Cooking big Excel files with Python and Openpyxl

At least once in life, every computer user has to handle some spreadsheets or, excel files. Sometimes to put formulas in for accounting stuff, sometimes to store data from Google forms or other surveys and etc. So what do you actually do when the spreadsheet contains just survey data or no number to apply formulas at all? I know you’ll get your hands dirty and do it manually. It’s fine if the there’s data from roughly a hundred people. What will you do if there’s data from a thousand or more? I’d have run away in such cases because I’m way too lazy to scroll down and have a look at those. Hopefully I know how to do magic tricks using Python and I’m going to show you this specific magic trick today.

Let’s make a problem first

I have a spreadsheet at my hand that has Name, Address and E-mail of 10,000 (Ten thousand, read that aloud) people. What I need to do is using this information I need to create .txt files for each of them using their names as the file name that’ll contain there Name, Address and E-mail. More like a business card.

[ I generated the data in the file using Faker module, all data is fake ]

A screenshot of a portion of the file for your reference :


 What we need

  • python3
  • openpyxl Module. Install it using the following command in your command prompt / shell:
pip install openpyxl
  • A text editor of your choice : Atom, VS Code, Sublime, Emacs, Vim whatever you like.

 So let’s get to code

Our spreadsheet file name is : TestBook.xlsx

All files and code is on this github repo link

import openpyxl as opx

fileName = '../excelFile/TestBook.xlsx'
sheetName = 'Sheet1'

Now we’re going to load the file or the workbook using load_workbook() method of openpyxl

workBook = opx.load_workbook(fileName)

We all know the structure of a spreadsheet. Data is always stored in sheets. So we need to get the sheet where our data is. Now MS Excel has genereously given us the name Sheet1 so we don’t have to cry here and there to get the name. So, houston, let’s launch the shuttles and load the sheet!

sheet = workBook.get_sheet_by_name(sheetName)

Now we get the row and column count from the workbook. (Let’s see if python can load all those records or not! Brute force test 😉 )

maxRows = sheet.max_row
maxCol = sheet.max_column
output :


Aw yes! xD

So it does load all those things. Fascinating! Now to the real part of thing, where we read people’s private data( This is where you feel like Google! Although this data is fake. ) and write them to files xD

for i in range(1, maxRows + 1):
    name = sheet.cell(row=i, column=1).value
    outputFile = open('../dump/{}.txt'.format(name), 'w')

    for j in range(1, maxCol + 1):
        outputFile.write(sheet.cell(row=i, column=j).value + '\n')

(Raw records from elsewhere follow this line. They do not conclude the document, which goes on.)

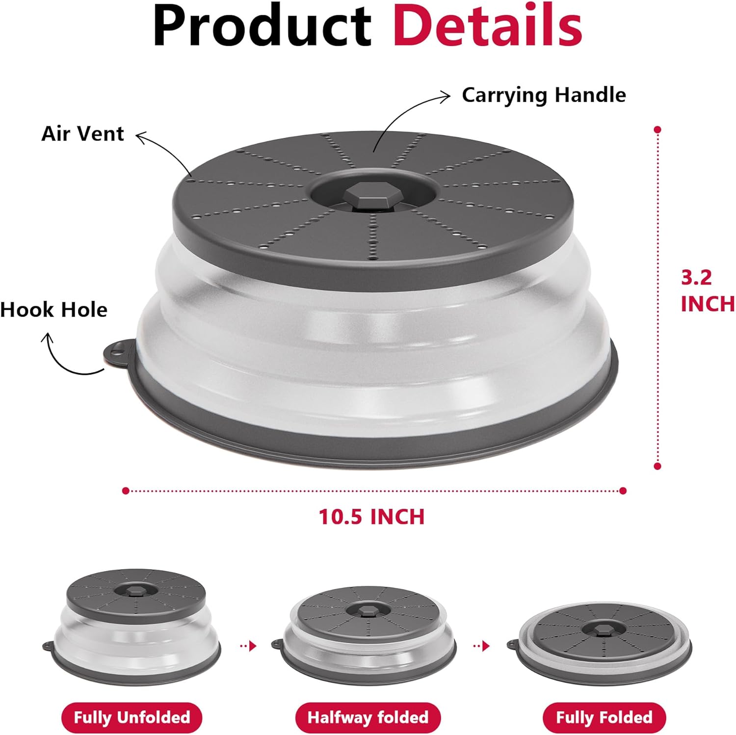 - Easy to Store: The foldable microwave splatter cover pops up to 3.2 inches to cover tall plates, food stacks, and shallow bowls. It also folds down to 0.72 inches when not in use. And features a hook hole for easy storage, saving you more space.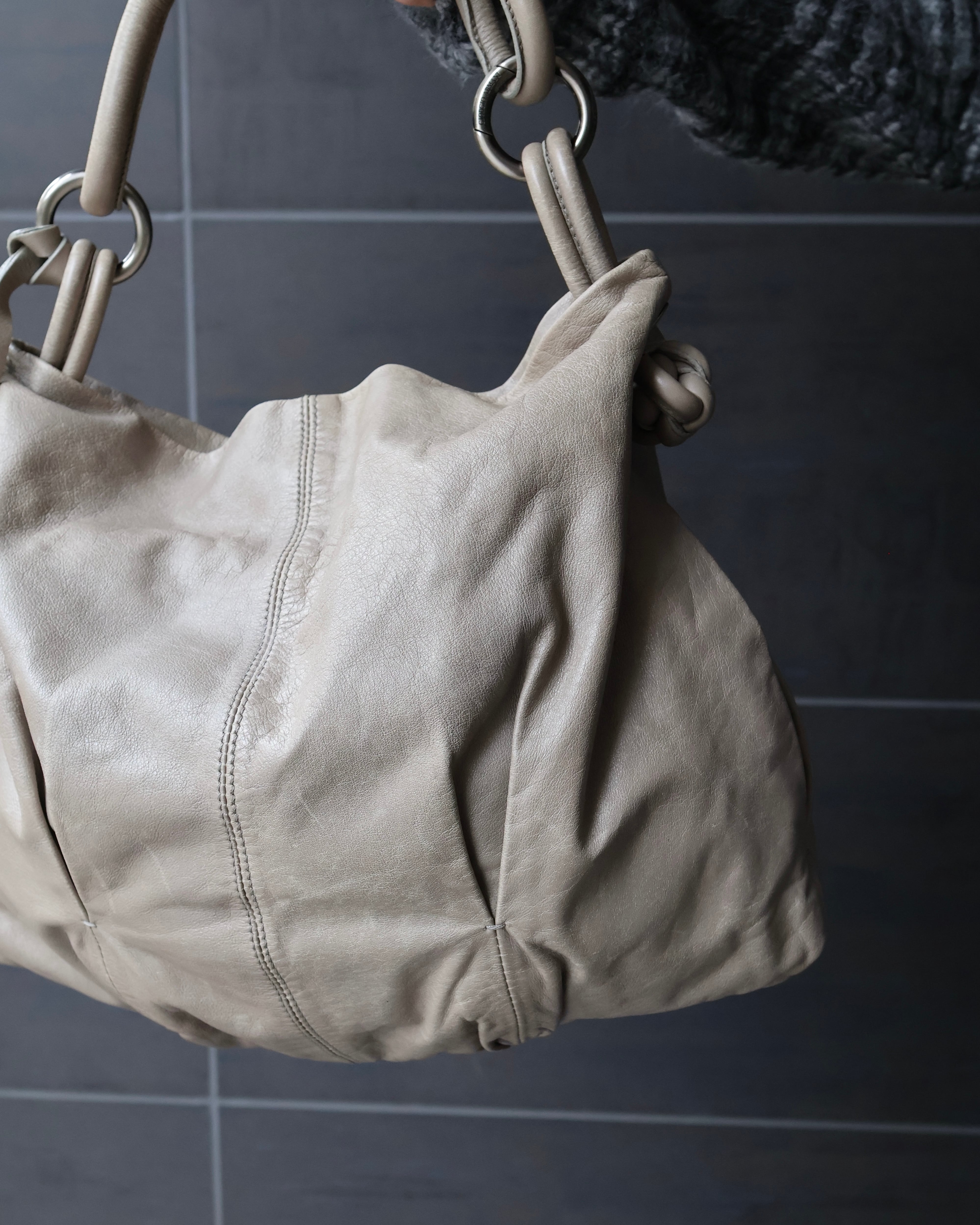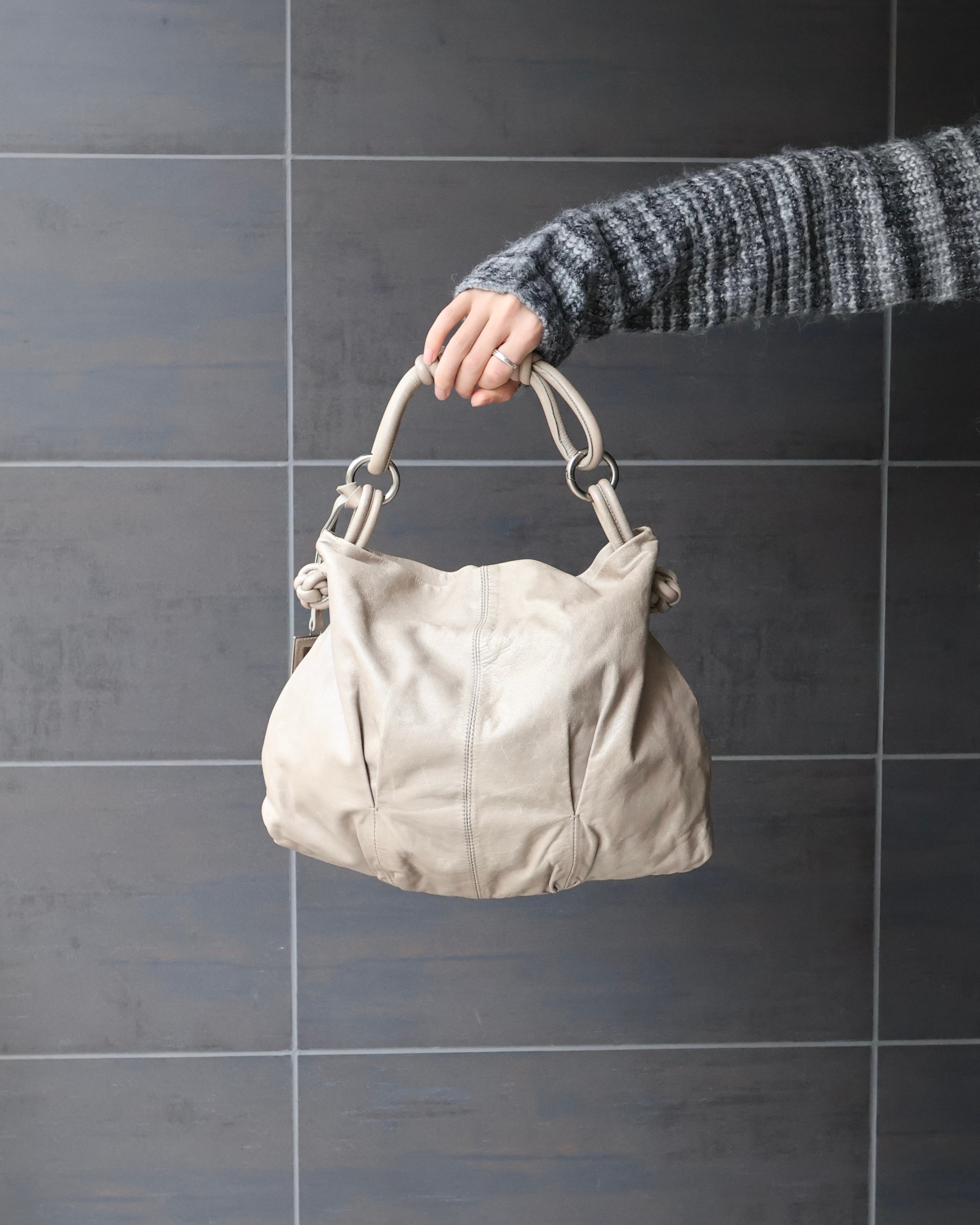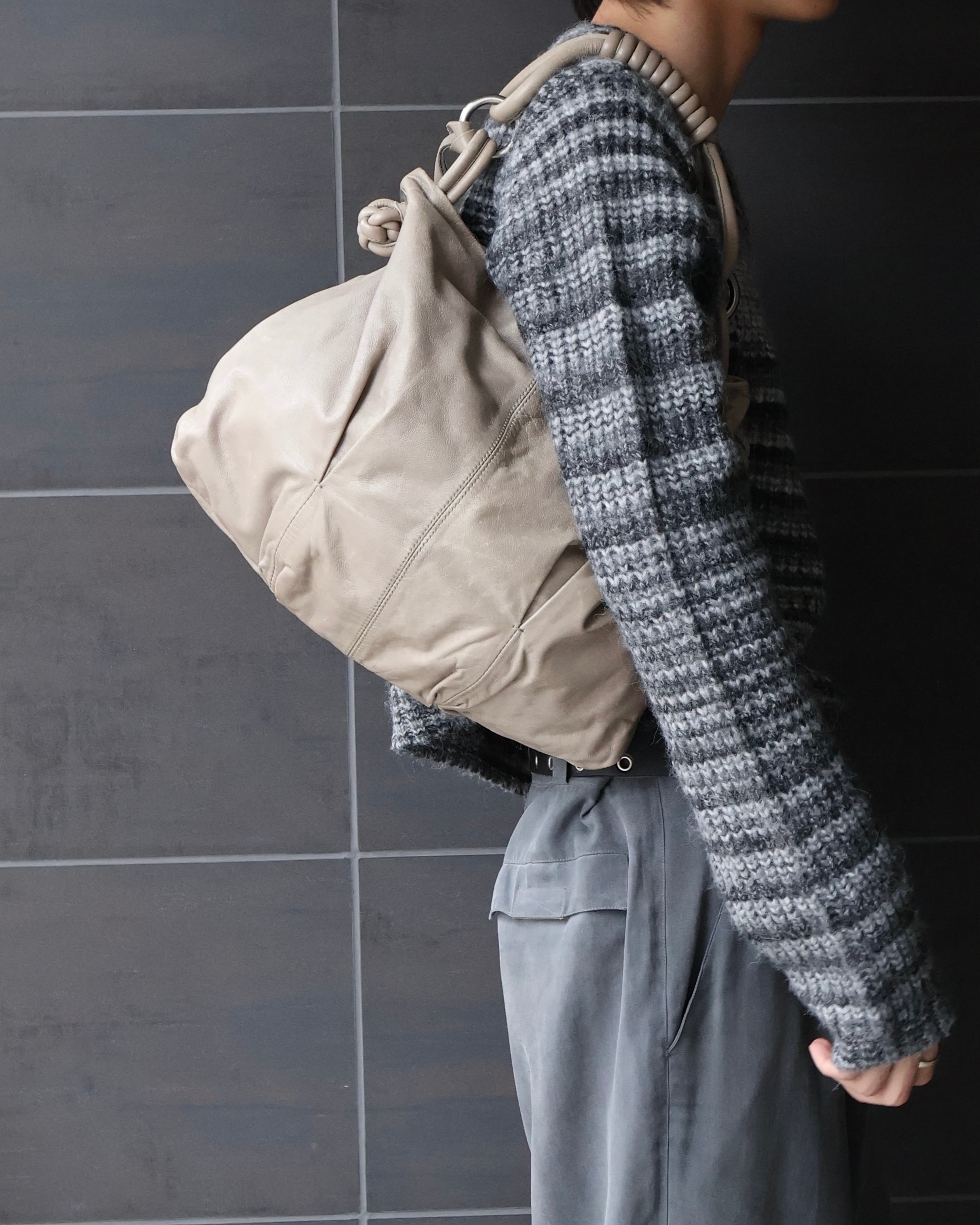 柔らかく馴染むレザーが生み出すドレープが、スタイリングに余裕と深みをプラス。カジュアルからドレススタイルまで幅広く馴染む、タイムレスなアイテム。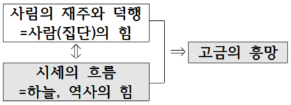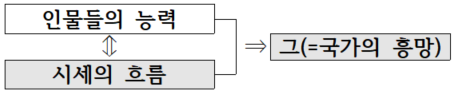 그런데 ‘A이고 B가 아니다’라는 문장 구조인 것으로 보아, ㄴ에서 두 주장은 반대 관계에 있다. ‘사림(士林)’은 유학을 신봉하는 사람(집단)이다. 그렇다면 ‘시세의 흐름’은 사람(집단)의 힘과는 다른 힘, 예컨대 하늘이 정해 놓은 이치나 역사 발달 과정의 흐름을 뜻하는 것으로 해석할 수 있다. 이를 고려하면 ㄴ은 다음과 같이 이해할 수 있다.

    # just checking for a count of the write op actually!
    print('Written file number : {}'.format(i))

Let’s Just add a nice message at the end so people can be assured that we’re done!

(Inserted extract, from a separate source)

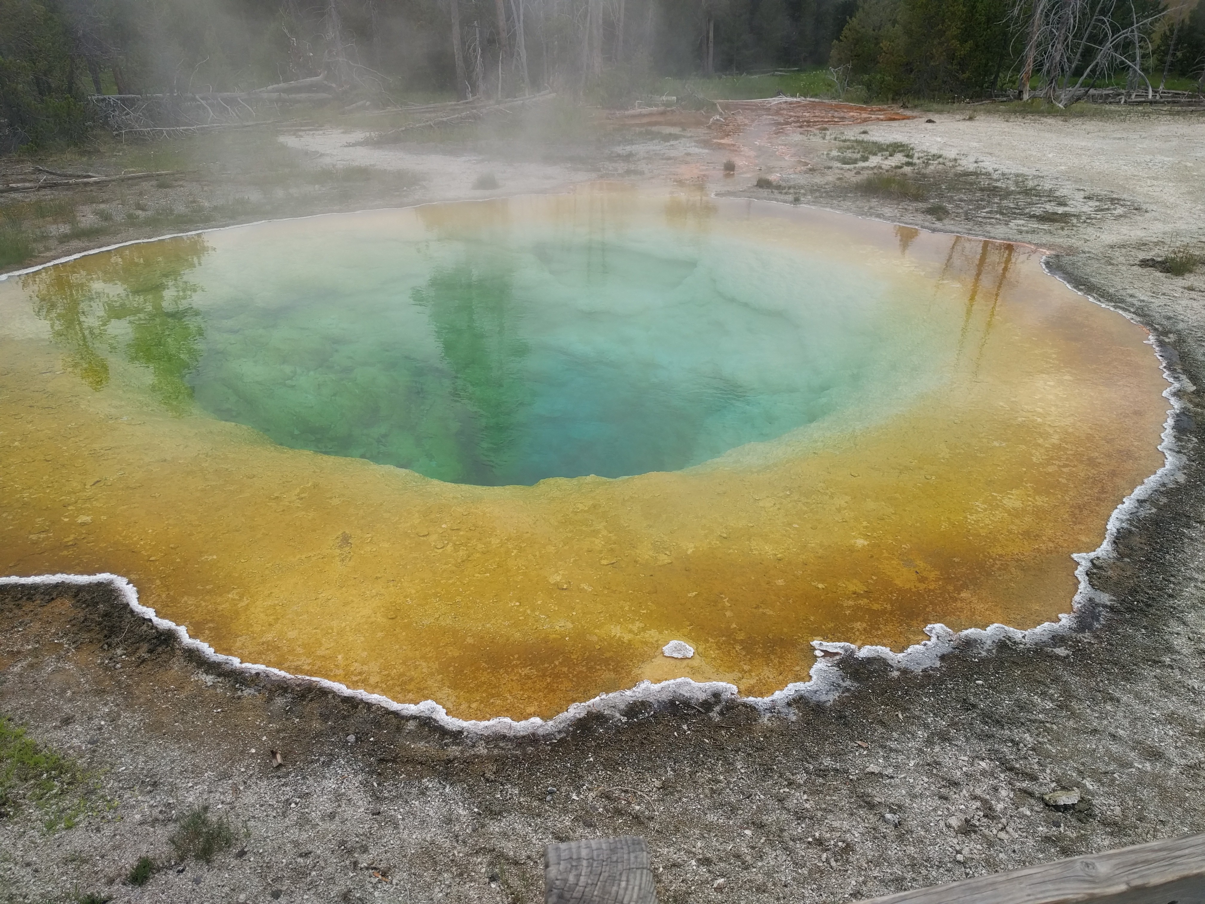 Supper in our campsite was a pleasant change from the madness in the facilities at Old Faithful. Jim Cochrane, with whom we had played leapfrog over the last few days, brightened the evening with intelligent and interesting conversation. After a sunny and pleasant day, we enjoyed a stunning, starry night sky.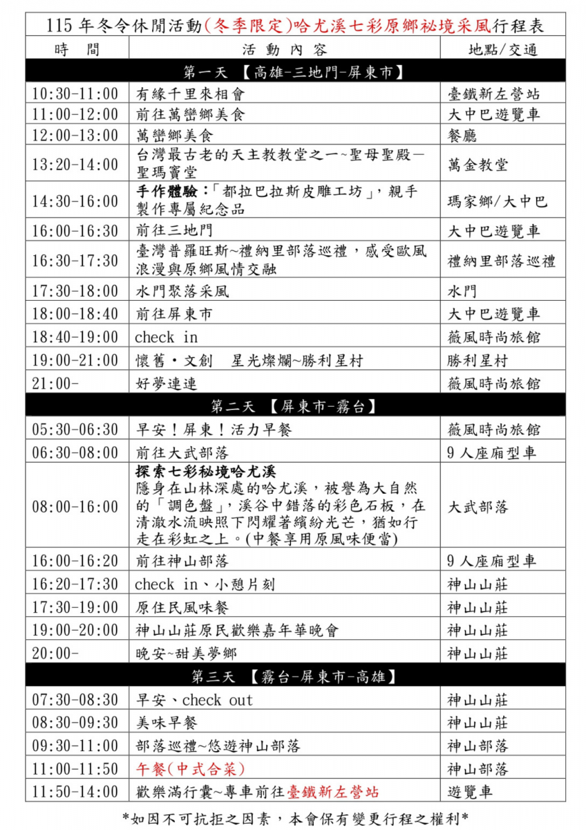 冬季限定的「哈尤溪七彩秘境」美景令人驚艷,高聳的峽谷、紋理分明且色彩繽紛的七彩岩壁,再加上被譽為「雲豹之湯」的野溪溫泉與清澈見底的溪水,成為近年來爆紅的旅遊勝地。活動結合都拉巴拉斯皮雕工坊DIY、臺灣普羅旺斯—禮納里部落、勝利星村、神山部落之旅,以及道地的原住民風味餐,由部落達人帶領民眾深度體驗排灣文化,感受滿滿的『原』汁『原』味感動。

print('Done writing your business card hooman!')

 Are there actually 10,000 text files written? OMG!

Why don’t we just find it out with another python script?

import os

path = '../dump/'
fileList = os.listdir(path)

fileNo = len(fileList)
output :

 Come on! Can’t see 10,000 files on my computer! [ Neither can I ]

Our very friendly Faker generator did some witty stuff and generated some duplicate entries. And that led to the discovery that we’re actually looking at 9382 files. Well duplicates will get overwritten easily since we’re naming with each person’s name after all!

Attaching a screenshot for ye!

 So where can I find such large excel files?

Well don’t ask me. Better keep your scripts ready when you face those nasty, huge, ugly spreadsheets! Till then I go incognito for chilling out, leaving you to scratch your heads over what just happened. Sayonara!


2 thoughts on “Cooking big Excel files with Python and Openpyxl

  1. Hi Shawon, Thanks for sharing ! How long did this take you to run and what pc specs did you use? I actually have 11,000 rows with 7 columns which I need to output into a txt and its taking around 7 minutes per 1,000 which is less than ideal.
    Any info / help would be much appreciated 🙂 Thanks x


    1. Well I used a 2012 Macbook Pro with i7 3820QM and 16 Gigs of ram. It took me less than a minute. Depends on your spreadsheet actually. Since file reading is done in binary, should be fast enough on any machine.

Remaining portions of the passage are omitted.